Traumatic wound dehiscence after corneal keratoplasty

Patrick Frensel Tzelikis et al. Arq Bras Oftalmol. 2015 Sep-Oct.
Free article

Abstract

Purpose: To assess patient characteristics, risk factors, outcomes, and the treatment of wound dehiscence (WD) in patients after corneal keratoplasty.

Methods: Retrospective chart review of 11 eyes of 11 patients with corneal grafts who underwent repair of WD from January 1, 2004 to December 31, 2012 at Hospital Oftalmologico de Brasilia.

Results: Eight (72.7%) patients were men and three were women. Six (54.5%) patients had deep anterior lamellar keratoplasty (DALK) and 5 had penetrating keratoplasty. The mean age at trauma was 31.1 years. The mean time from corneal keratoplasty to WD was 12.82 months (range, 3-33 months). The mean best-corrected visual acuity of patients before trauma was 20/60 (0.48 logMAR) and after final treatment was 20/160 (0.90 logMAR) (P=0.15). In one case, visual acuity decreased to no light perception because of retinal detachment and phthisis bulbi. Accidental blunt trauma and fall were the most common causes of WD.

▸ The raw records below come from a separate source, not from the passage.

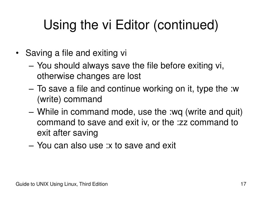 Using the vi Editor (continued) • Saving a file and exiting vi • You should always save the file before exiting vi, otherwise changes are lost • To save a file and continue working on it, type the :w (write) command • While in command mode, use the :wq (write and quit) command to save and exit iv, or the :zz command to exit after saving • You can also use :x to save and exit Guide to UNIX Using Linux, Third Edition
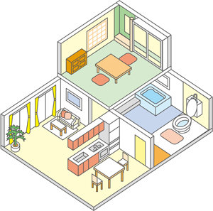 例えば1980年代に建てられたマンションの間取りの基本形は、できるだけ廊下を無くし部屋同士をふすまや開閉できる扉で仕切られています。
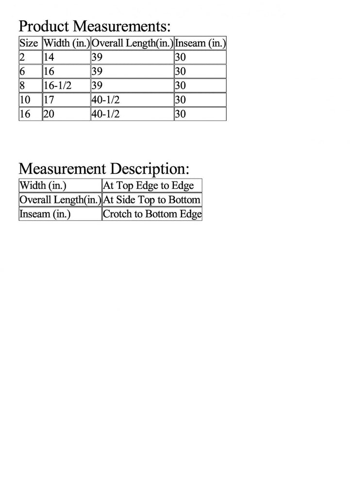 | Size | Width (in.) | Overall Length(in.) | Inseam (in.) |
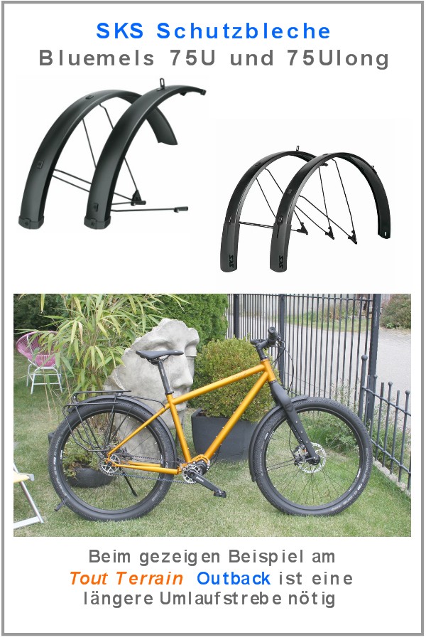 Das Tout Terrain Outback ist ein Mountainbike. Die Montage von festen Schutzblechen ist - im Gegensatz zu "normalen" Mountainbikes - möglich (aber ungewöhnlich und relativ aufwändig)
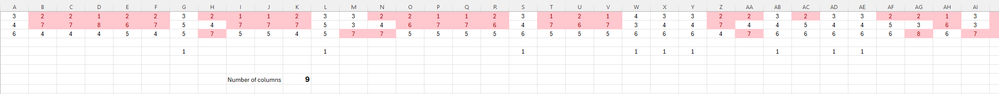 But I want only to count the columns that have no red mark. So in your exampel the count is 0. In my first picture the count is 2. In my picture below there are nine columns that are not marked in any of the three rows.
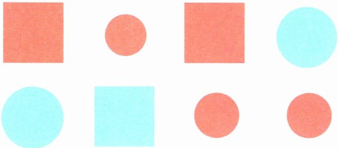 3. 先按图形的形状分一分,再按图形的颜色继续分一分。
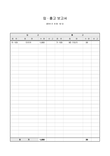 입,출고 내역을 작성할때 사용하는 서식으로서 입고내역, 출고내역 항목으로 구성되어 있습니다.
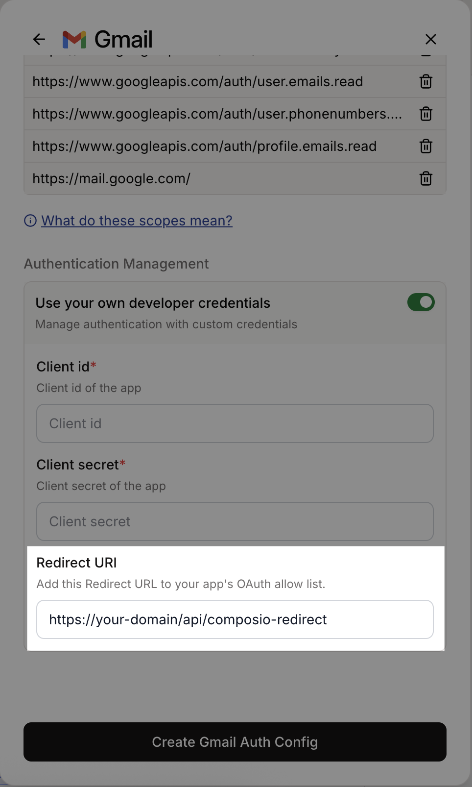 - Update your auth config in the Composio dashboard to use your custom redirect URI:
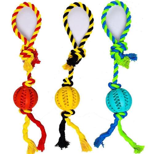 Acompanha o produto: - 1 Brinquedo Pet Dental Play para Morder Bolinha Corda com Alça 7x50cm Garantia: - 3 meses
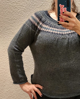 Móberg is a pullover knit from the top down. Starting after the collar with a provisional cast on The yoke is knit with the colour work chart, with increases before and after the colourwork. The body finishes with a 3 colour I-cord with a curved edge. I think it is a beautiful way to frame in the sweater with the multi colour I-cord. I prefered to have the sleeves ¾ of the length but you may prefer longer as long if you decide. If you choose longer sleeves, ensure you have allowed this is your wool purchase.

Conclusion: Patients who undergo corneal keratoplasty have a life-long risk of WD. The full-thickness rupture at the graft-host junction in our study suggests that the junction remains vulnerable, even following DALK, and can rupture with trauma. In our series, depending upon the severity of the trauma, postkeratoplastic WD can be associated with a good visual prognosis.